Linear combinations of losses require tuning a coefficient using trial and error because its effect on the learner is unknown until training is evaluated after some time. If you could set the second loss to the value you wanted, you wouldn’t need to sweep coefficient values. The Modified Differential Method of Multipliers (MDMM) lets you minimise a loss function subject to equality, inequality or bound constraints on arbitrarily many secondary functions to your problem’s parameters, this by replacing loss_A + (λ * loss_B) with minimize loss_A subject to loss_B.

Here are two sets of examples to illustrate the instability of linear combinations of losses and why algorithms are so sensitive to hyperparameters.

Concave pareto fronts (without mdmm, then with mdmm)

Sweeping the coefficient on a concave Pareto front
MDMM on a concave Pareto front

Convex pareto fronts (without mdmm, then with mdmm)

Sweeping the coefficient on a convex Pareto front
MDMM on a convex Pareto front

Code

There is a library for MDMM in PyTorch. I provide a functional implementation as well. There is also a JAX implementation.

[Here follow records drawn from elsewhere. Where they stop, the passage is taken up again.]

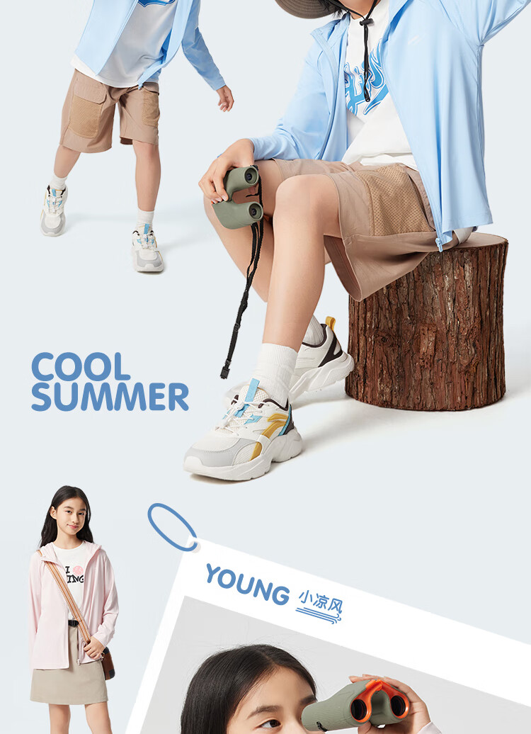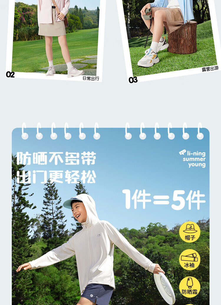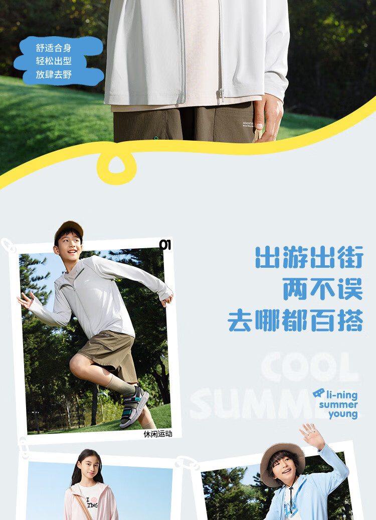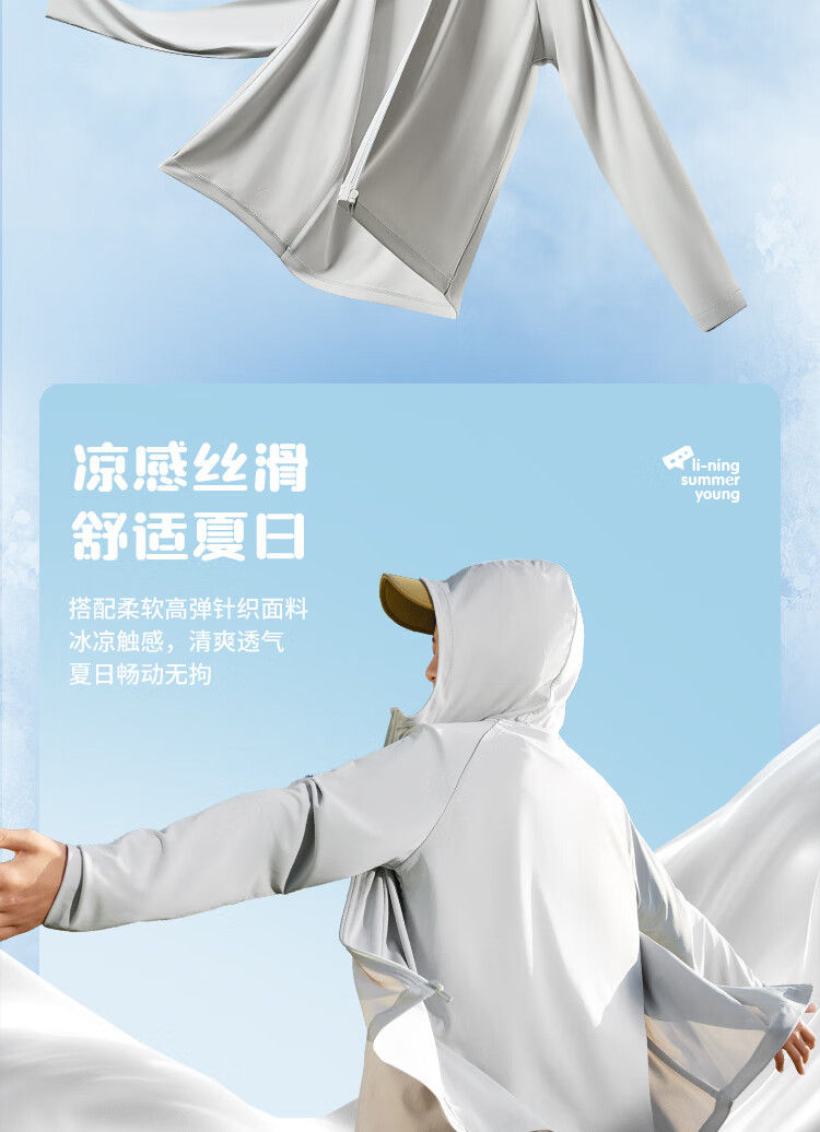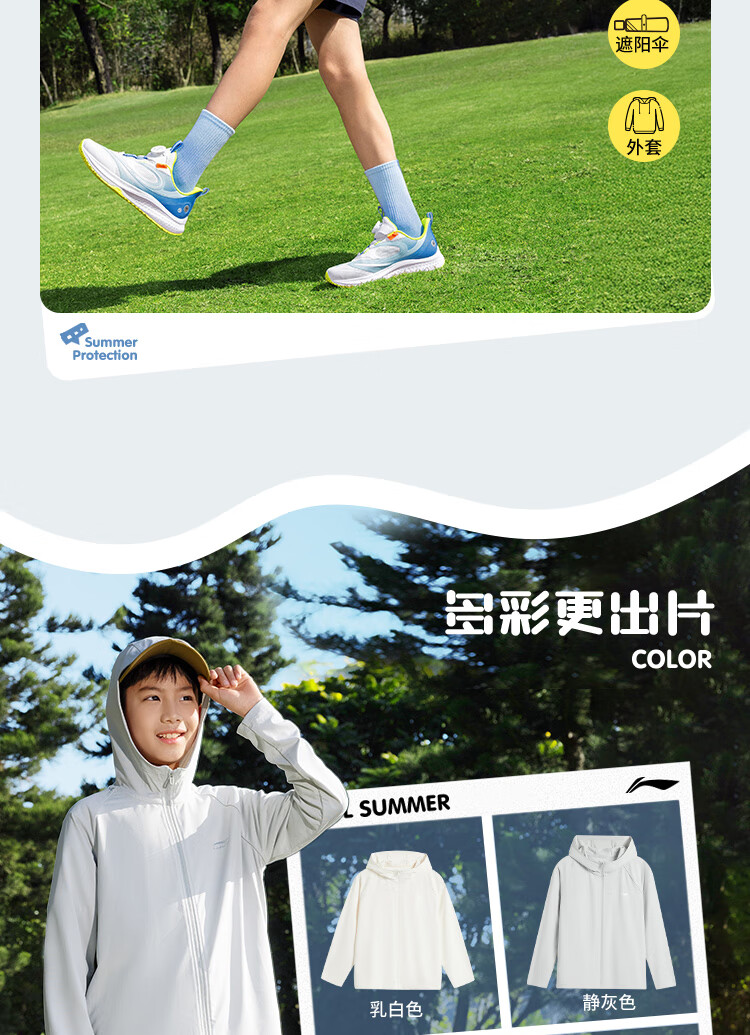 Li Ning Children's Clothing Children's Sun Protection Clothing for Men and Women Spring and Summer Knitted Cool Sun Protection Clothing Sports Jacket YFDV127 New Aurora Blue-4 140
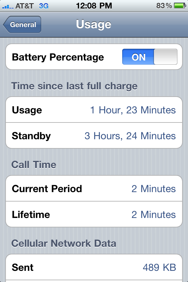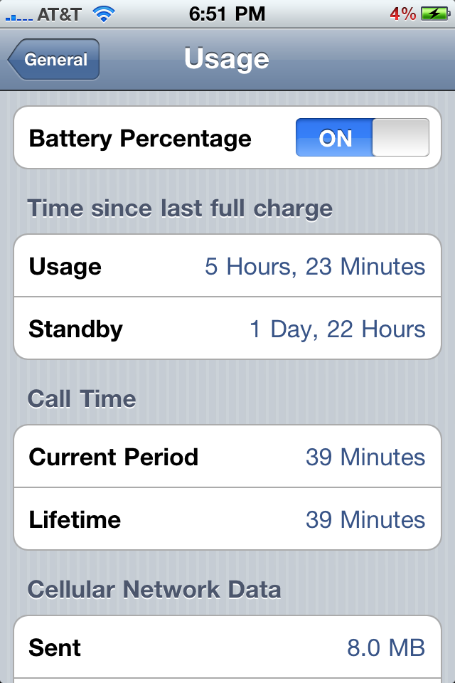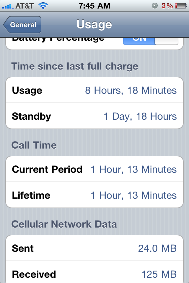 So, that being said, today I used the phone heavily, lots of web surfing via both wifi and 3G, lots of speedtest tests on 3g, which must be tough on the battery, about 30 min 3G calls, some email and sending large pics, but, no ipod, and I hit the 50% mark at exactly 3.5 hours of pretty hard usage. It'll be interesting to see how accurate the battery indicator is, and if that number doubles or not, I did run it to zero last night, then fully charged, so it should be accurate.
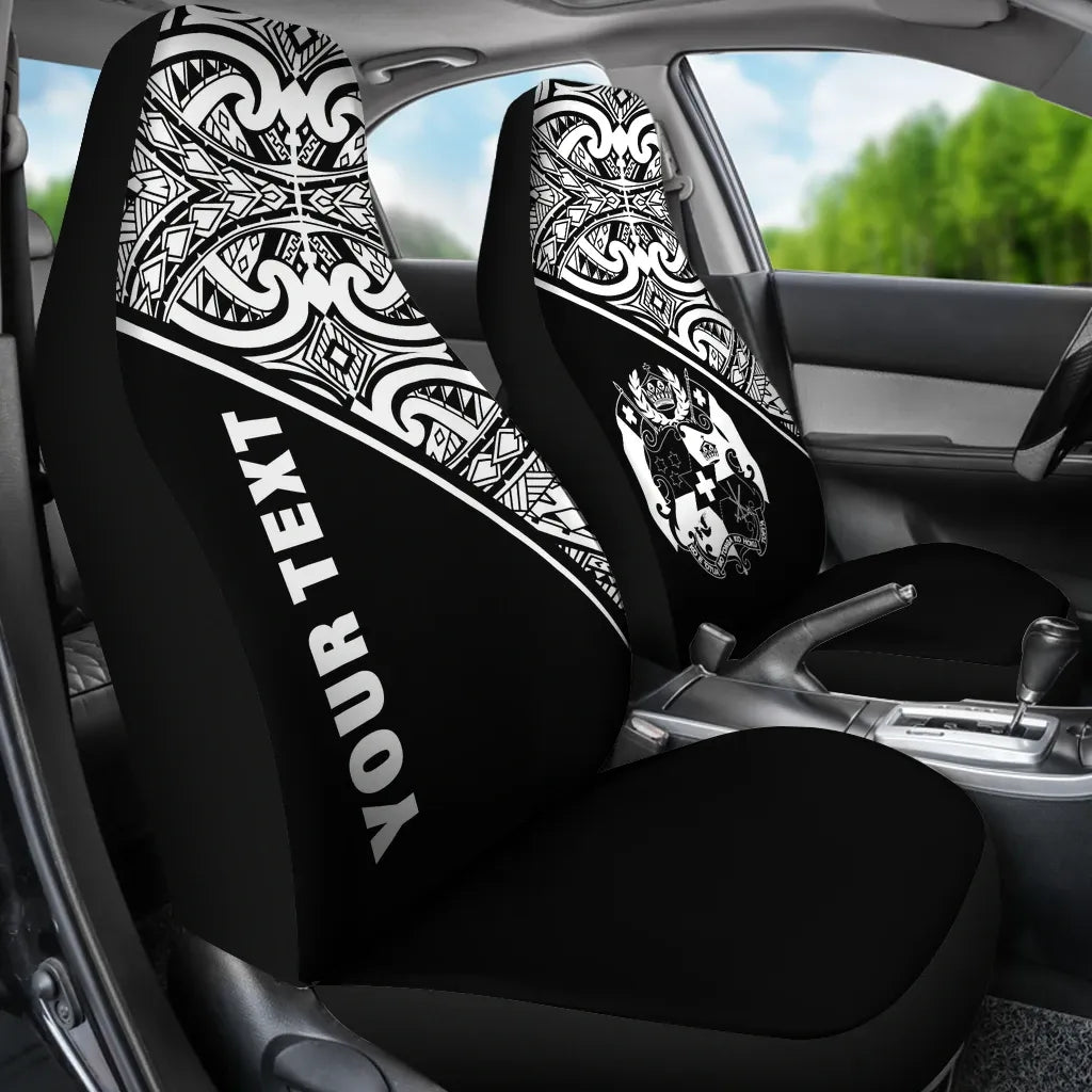 Tonga Custom Personalised Car Seat Covers - Tonga Coat Of Arms Polynesian White Curve

from mdmm import FunctionalMDMM, MaxConstraintHard

constraint = MaxConstraintHard(max_val=epsilon, damping=5.0)
mdmm = FunctionalMDMM([constraint])

# Initialize dual variables (lambdas) to zero
params["mdmm"] = mdmm.init_state(batch_size, device)

# Inside the loss function:
mdmm_ret = mdmm(params["mdmm"], [f1_value])
total_loss = f0_loss + mdmm_ret.value

# Dual variables use gradient ascent -- invert their grads after backward:
grads["mdmm"]["lambdas"] = -grads["mdmm"]["lambdas"]